Task item → Leave out the pictures and output exactly the lines below from the one with "Gray United States" down to the one with "Diferenciais: Iluminação eficiente", both of them included.

Provided records →
•••••

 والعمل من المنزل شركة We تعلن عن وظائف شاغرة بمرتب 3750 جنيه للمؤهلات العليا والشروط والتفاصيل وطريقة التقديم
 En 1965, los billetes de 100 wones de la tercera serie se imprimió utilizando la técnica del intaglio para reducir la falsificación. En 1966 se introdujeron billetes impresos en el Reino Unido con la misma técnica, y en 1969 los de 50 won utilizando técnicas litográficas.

•••••

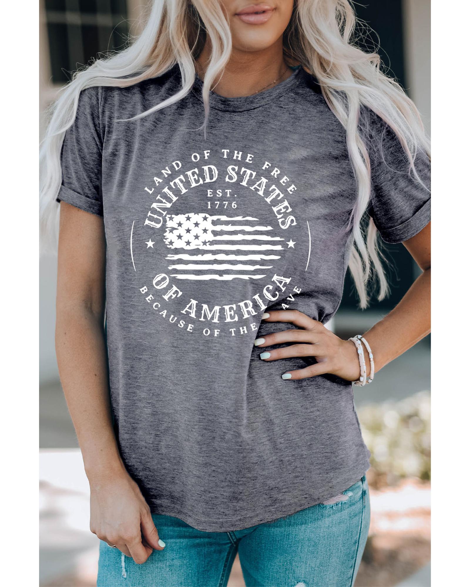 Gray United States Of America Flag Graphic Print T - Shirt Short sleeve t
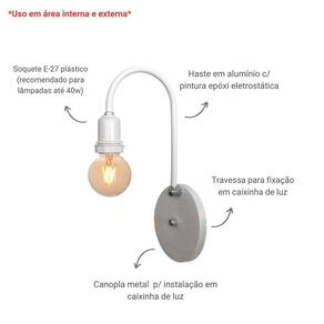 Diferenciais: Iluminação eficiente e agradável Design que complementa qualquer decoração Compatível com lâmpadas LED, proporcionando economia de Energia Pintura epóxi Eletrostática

•••••

Written solution →
 Gray United States Of America Flag Graphic Print T - Shirt Short sleeve t
 Diferenciais: Iluminação eficiente e agradável Design que complementa qualquer decoração Compatível com lâmpadas LED, proporcionando economia de Energia Pintura epóxi Eletrostática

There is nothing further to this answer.